Giggle for Girls app founder Sall Grover is taking her fight against a Federal Court ruling to Australia’s highest court after losing a landmark discrimination case brought by biological male Roxanne Tickle.
The Federal Court ruled in May that Grover breached the Sex Discrimination Act by removing Tickle from her platform because of gender identity. Although an AI software test designed to filter out male users originally cleared access to Tickle, Grover personally removed Tickle’s profile in 2021 and denied further access.
The court found this amounted to direct discrimination under Section 22 of the Sex Discrimination Act, which prevents a person being discriminated against on the grounds of gender, when they are being provided goods and/or services. Grover was ordered to pay $20,000 in damages and $50,000 in court costs.
Grover says the case raises “fundamental questions” about the legal definition of “sex” and women’s rights to female-only spaces. “This case is not just about one app or one individual. It is about whether women in Australia still have the right to single-sex spaces based on biological sex. Basically we are going to court to establish reality in law, which is currently missing” she told Sky News.
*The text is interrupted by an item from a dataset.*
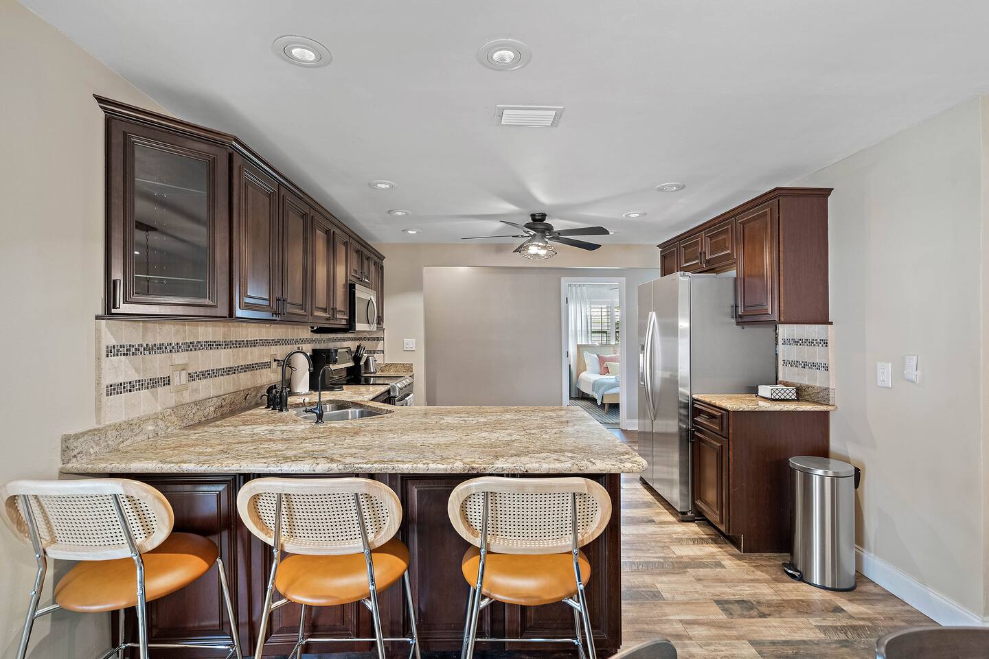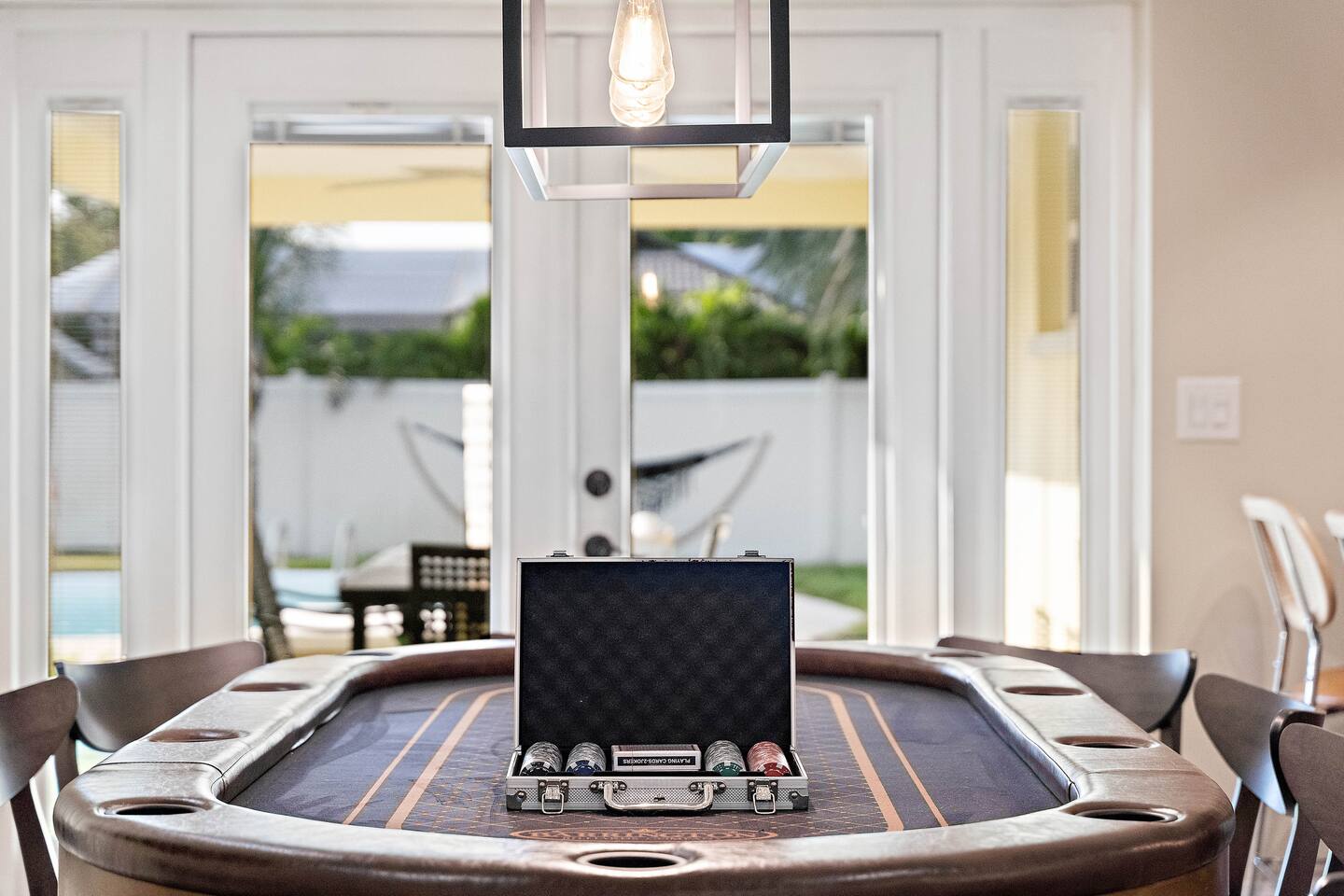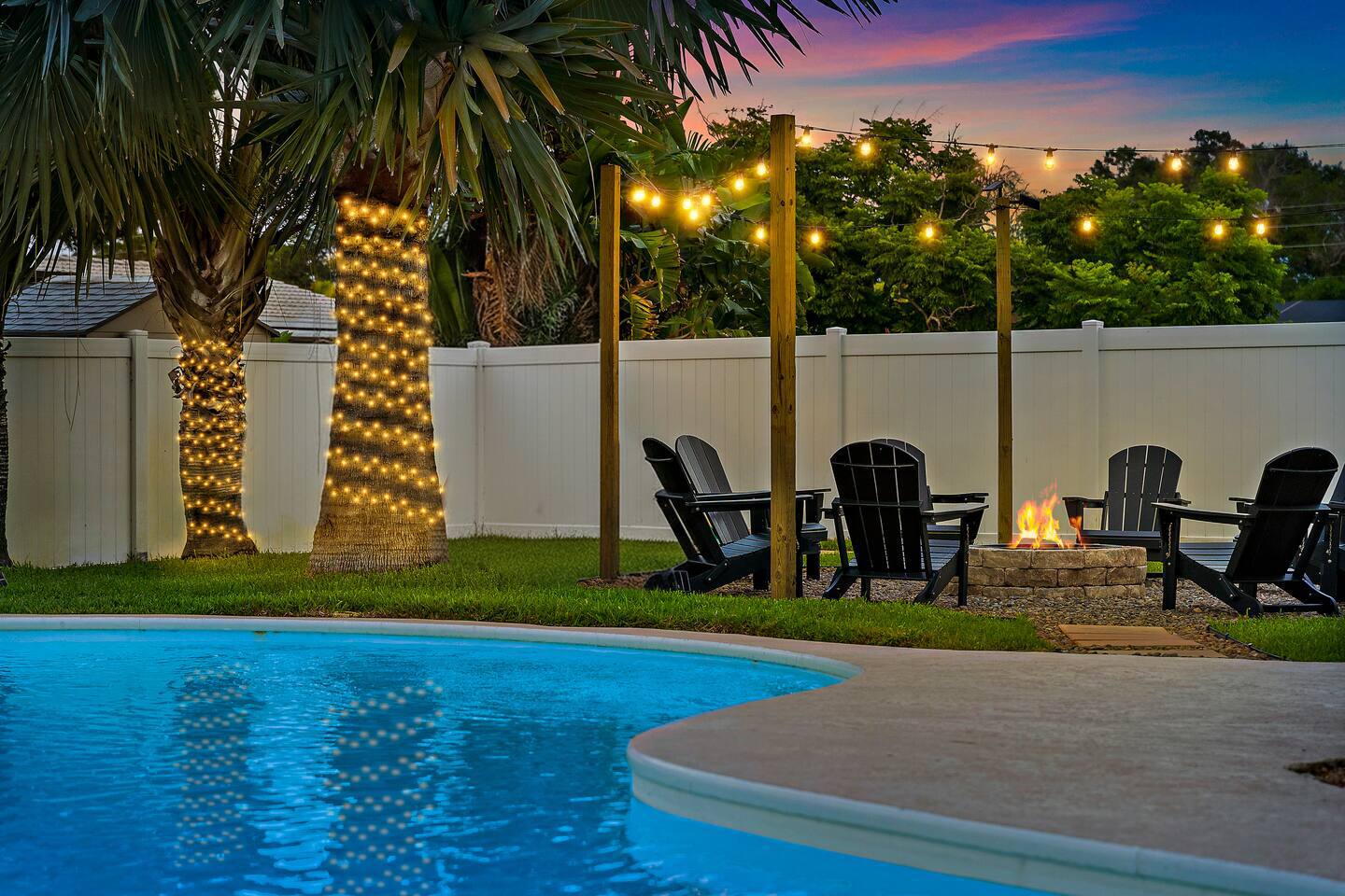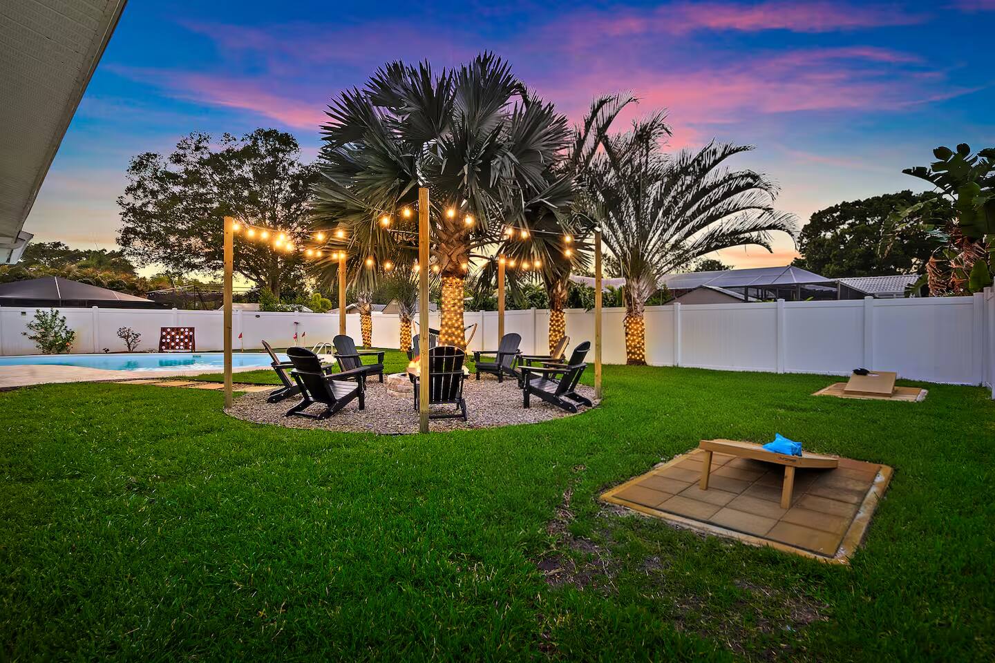 KEY FEATURES: ☀ 4 beautiful bedrooms; 1 king, 2 queens, 1 full, & 2 twin beds ☀ 2 full bathrooms ☀ Modern kitchen with new, stainless steel appliances ☀ Open living room with lots of comfy seating & smart TV ☀ Dining room with seating to comfortably accommodate 10 (+ 3 countertop seats) ☀ Fun game room with pool table, ping pong, & more ☀ Private oasis in the backyard, with heated pool, mini golf, fire pit, and much more! Here Are A Few Kind Words From Our Past Guests: “This was a great place to stay! The morning light through the windows was so beautiful. Overall, just a relaxing experience. The hosts were super responsive whenever I had a question. I would stay again!” - Emily “Sabrina was very accommodating and communicative. the house is beautiful and very comfortable, close to nature hikes.” - Jennifer “This place was lovely! Exactly as pictured! Very clean and excellent host experience!!! I plan to come back again!” - Regina ☆☆ BEDROOMS ☆☆ You'll find 4 stylish, comfy bedrooms in this home. The master bedroom is equipped with a king bed, smart TV, direct access to the backyard, and a private ensuite bathroom. Down the hall, the next two bedrooms have one queen bed in each, while the fourth bedroom has a twin-over-full bunk bed w/ a twin trundle bed underneath. ☆☆ BATHROOMS ☆☆ There are two full bathrooms in this home. The private master ensuite has a sink, toilet, and walk-in shower. The hallway bathroom has a sink, toilet, and shower/tub combo. ☆☆ KITCHEN & DINING ☆☆ The modern kitchen is located right off of the main living areas, and is loaded with all new stainless steel appliances & a coffee station (including a Keurig & coffee pods). The dining room is right next to the kitchen, with enough seating to comfortably fit 10 people, along with 3 more countertop seats in the kitchen. On top of that, the dining table unfolds to reveal a poker table! ☆☆ LIVING ROOM ☆☆ In the living room, you’ll be greeted with lots of comfy seating, a big smart TV, private workspace, and beautiful design throughout. This is the perfect spot to host your movie nights & games with your friends and family! ☆☆ GAME ROOM ☆☆ Keep your family and friends entertained throughout your stay in our amenity-filled game room! Pool table, ping pong, arcade games, smart TV, & lots of seating. Whether your reason for staying is to explore the town or stay at home and relax, this place will be the perfect spot to unwind! ☆☆ OUTDOOR SPACE ☆☆ This backyard is everything you could ask for, and more! ☀ Heated pool ☀ Mini golf ☀ Fire pit ☀ Corn hole ☀ Giant Connect 4 ☀ Giant Jenga ☀ BBQ grill ☀ Sun lounging chairs ☀ Covered outdoor lounge seating ☀ Covered outdoor dining There is so much to do here, that all of your friends & family will be thoroughly entertained throughout your entire stay. No matter the season, this backyard has it all. Book your stay with us today and you will NOT be disappointed. Get ready for a vacation you will never forget! ★☆ Book Now & Let Us Take Care Of You In Clearwater! ☆★

The case also tests how Australia’s 1890s constitution handles modern interpretations of gender identity, with the court accepting that gender identity falls under “other status” in international human rights treaties.
RCR head of legal Katie Ashby-Koppens said, “The Court accepted that sex and gender identity are different concepts, yet held a sex-based distinction unlawful. Parliament’s removal of the definitions ‘male’ and ‘female’ from the Act in 2013, means that this is not a problem that courts will resolve but that parliament has to”.